== Your objective ==
Starting at the line that contains "Pair of Vintage" and stopping at the line that contains "Flämisches riesiges Häschenkaninchen", transcribe every line of the material below exactly; pictures stay out.

**** Data provided

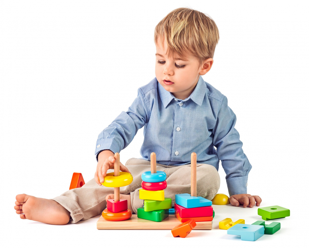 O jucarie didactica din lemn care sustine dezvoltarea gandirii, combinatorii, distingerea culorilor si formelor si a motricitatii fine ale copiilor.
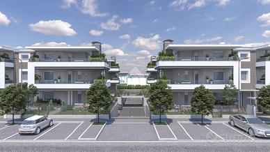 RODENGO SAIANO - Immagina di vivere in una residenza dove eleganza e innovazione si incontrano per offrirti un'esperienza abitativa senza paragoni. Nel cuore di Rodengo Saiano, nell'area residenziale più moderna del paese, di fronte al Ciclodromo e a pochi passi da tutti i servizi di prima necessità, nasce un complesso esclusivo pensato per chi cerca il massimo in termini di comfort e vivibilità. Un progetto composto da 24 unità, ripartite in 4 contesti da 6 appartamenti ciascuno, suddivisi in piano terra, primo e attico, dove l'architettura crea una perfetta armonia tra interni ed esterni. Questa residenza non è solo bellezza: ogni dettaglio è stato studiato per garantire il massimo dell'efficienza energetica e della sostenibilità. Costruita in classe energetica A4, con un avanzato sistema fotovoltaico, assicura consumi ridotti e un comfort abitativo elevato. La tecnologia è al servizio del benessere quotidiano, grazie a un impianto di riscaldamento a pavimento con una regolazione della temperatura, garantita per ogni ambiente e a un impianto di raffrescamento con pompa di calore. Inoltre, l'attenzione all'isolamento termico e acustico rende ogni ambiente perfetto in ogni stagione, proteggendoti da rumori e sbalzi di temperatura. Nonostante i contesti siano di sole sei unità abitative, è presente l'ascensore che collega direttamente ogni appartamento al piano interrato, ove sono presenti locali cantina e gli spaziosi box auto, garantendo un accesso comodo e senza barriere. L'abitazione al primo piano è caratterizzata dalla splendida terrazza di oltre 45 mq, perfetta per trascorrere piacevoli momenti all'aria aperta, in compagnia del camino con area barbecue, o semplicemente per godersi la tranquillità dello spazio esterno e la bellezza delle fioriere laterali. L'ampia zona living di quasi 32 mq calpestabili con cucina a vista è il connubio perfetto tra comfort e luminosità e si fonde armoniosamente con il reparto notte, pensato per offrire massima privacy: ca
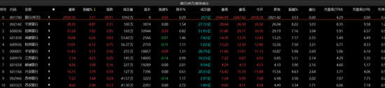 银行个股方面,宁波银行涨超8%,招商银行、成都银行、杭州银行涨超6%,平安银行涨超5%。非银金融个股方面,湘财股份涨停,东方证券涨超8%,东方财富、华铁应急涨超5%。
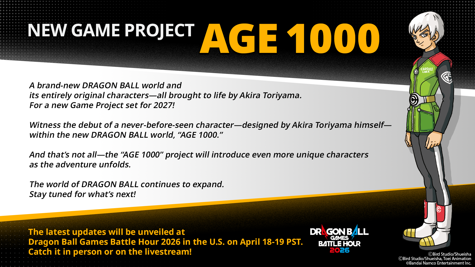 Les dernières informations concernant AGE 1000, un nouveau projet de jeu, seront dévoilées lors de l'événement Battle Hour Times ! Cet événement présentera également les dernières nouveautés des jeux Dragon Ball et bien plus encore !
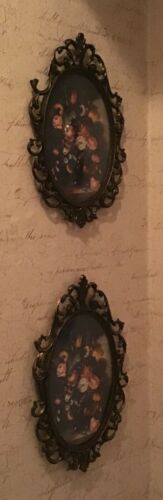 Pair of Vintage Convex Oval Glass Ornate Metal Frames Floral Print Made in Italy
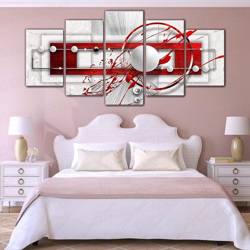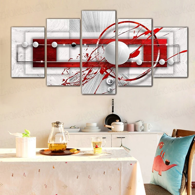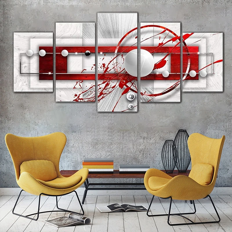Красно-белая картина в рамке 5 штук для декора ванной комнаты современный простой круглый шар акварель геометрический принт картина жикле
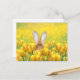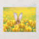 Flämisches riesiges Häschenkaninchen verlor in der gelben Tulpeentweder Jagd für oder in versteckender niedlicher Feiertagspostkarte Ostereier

********
**** Data provided

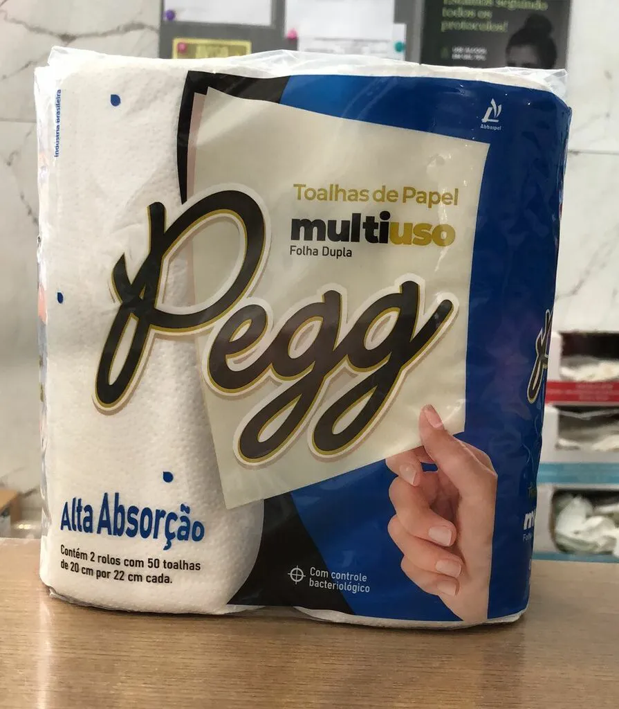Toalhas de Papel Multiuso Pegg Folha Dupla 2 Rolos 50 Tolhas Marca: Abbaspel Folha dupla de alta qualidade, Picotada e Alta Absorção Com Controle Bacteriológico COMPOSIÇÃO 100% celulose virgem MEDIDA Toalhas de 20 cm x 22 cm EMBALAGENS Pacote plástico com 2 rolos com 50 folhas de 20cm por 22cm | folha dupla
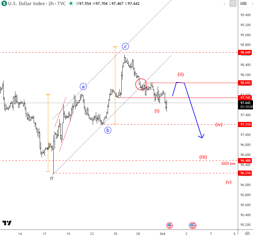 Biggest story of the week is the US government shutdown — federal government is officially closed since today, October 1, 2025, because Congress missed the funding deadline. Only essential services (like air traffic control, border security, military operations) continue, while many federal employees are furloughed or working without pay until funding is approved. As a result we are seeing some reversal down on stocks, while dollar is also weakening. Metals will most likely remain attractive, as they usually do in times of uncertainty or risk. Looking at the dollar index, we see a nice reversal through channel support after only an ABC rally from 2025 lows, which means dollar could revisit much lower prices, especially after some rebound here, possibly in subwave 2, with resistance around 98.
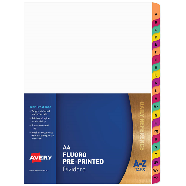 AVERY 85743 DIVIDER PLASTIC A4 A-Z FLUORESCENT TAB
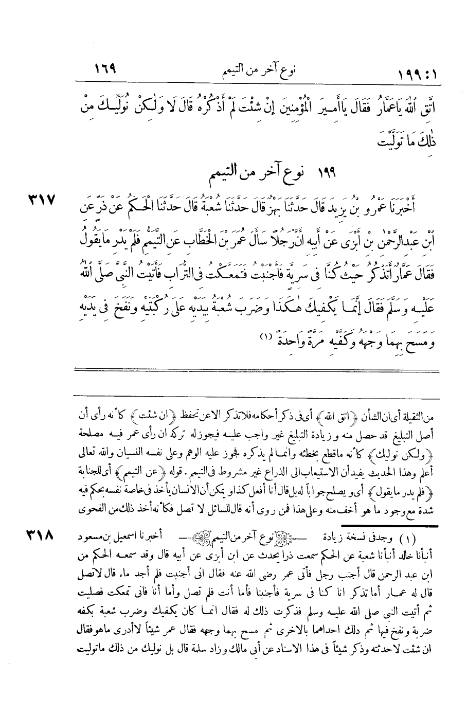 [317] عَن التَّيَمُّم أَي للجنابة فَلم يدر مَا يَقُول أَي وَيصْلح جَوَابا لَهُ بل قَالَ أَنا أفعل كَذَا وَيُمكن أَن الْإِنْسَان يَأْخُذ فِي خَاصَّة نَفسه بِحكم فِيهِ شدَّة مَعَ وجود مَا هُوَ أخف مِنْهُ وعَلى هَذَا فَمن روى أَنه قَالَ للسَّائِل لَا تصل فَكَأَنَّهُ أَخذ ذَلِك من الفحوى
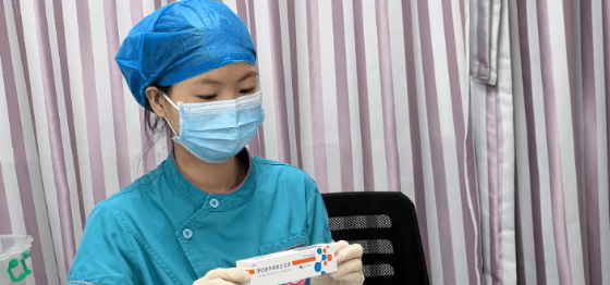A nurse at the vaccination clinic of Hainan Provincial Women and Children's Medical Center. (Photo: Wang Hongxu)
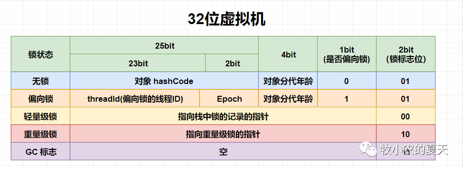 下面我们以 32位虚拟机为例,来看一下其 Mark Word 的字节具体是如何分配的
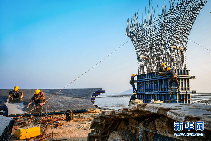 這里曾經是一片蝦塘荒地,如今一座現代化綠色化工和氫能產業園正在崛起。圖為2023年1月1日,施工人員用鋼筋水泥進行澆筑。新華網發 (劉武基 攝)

********
**** Data provided

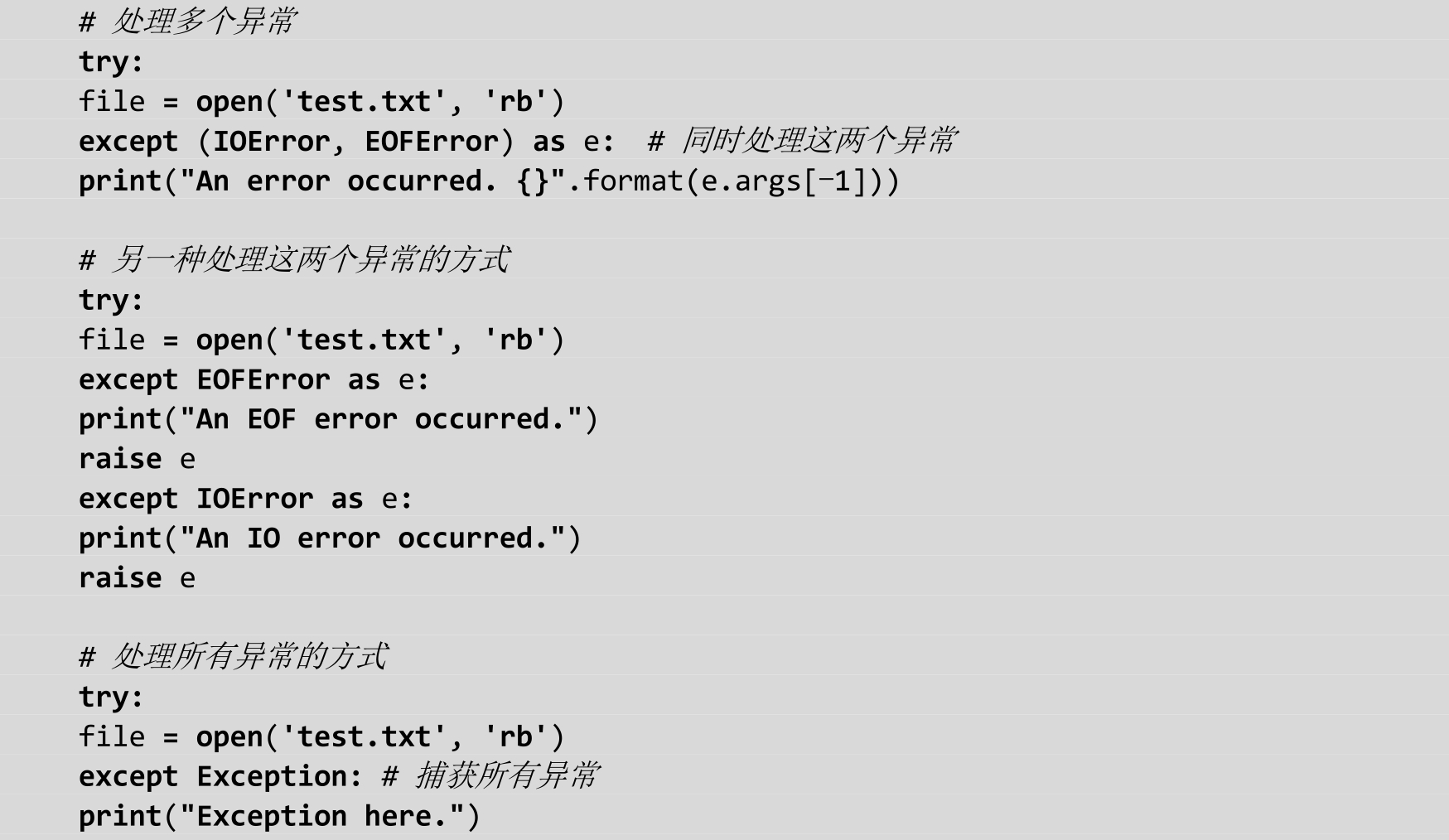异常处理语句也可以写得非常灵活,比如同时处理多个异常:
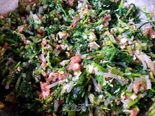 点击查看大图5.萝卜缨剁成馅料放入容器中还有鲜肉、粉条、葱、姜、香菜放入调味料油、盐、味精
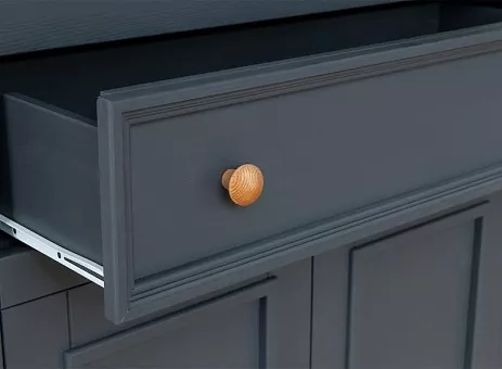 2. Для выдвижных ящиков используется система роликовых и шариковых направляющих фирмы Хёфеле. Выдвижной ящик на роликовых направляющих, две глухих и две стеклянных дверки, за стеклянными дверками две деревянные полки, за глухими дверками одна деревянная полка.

********

== Result for this exercise ==
 Pair of Vintage Convex Oval Glass Ornate Metal Frames Floral Print Made in Italy
Красно-белая картина в рамке 5 штук для декора ванной комнаты современный простой круглый шар акварель геометрический принт картина жикле
 Flämisches riesiges Häschenkaninchen verlor in der gelben Tulpeentweder Jagd für oder in versteckender niedlicher Feiertagspostkarte Ostereier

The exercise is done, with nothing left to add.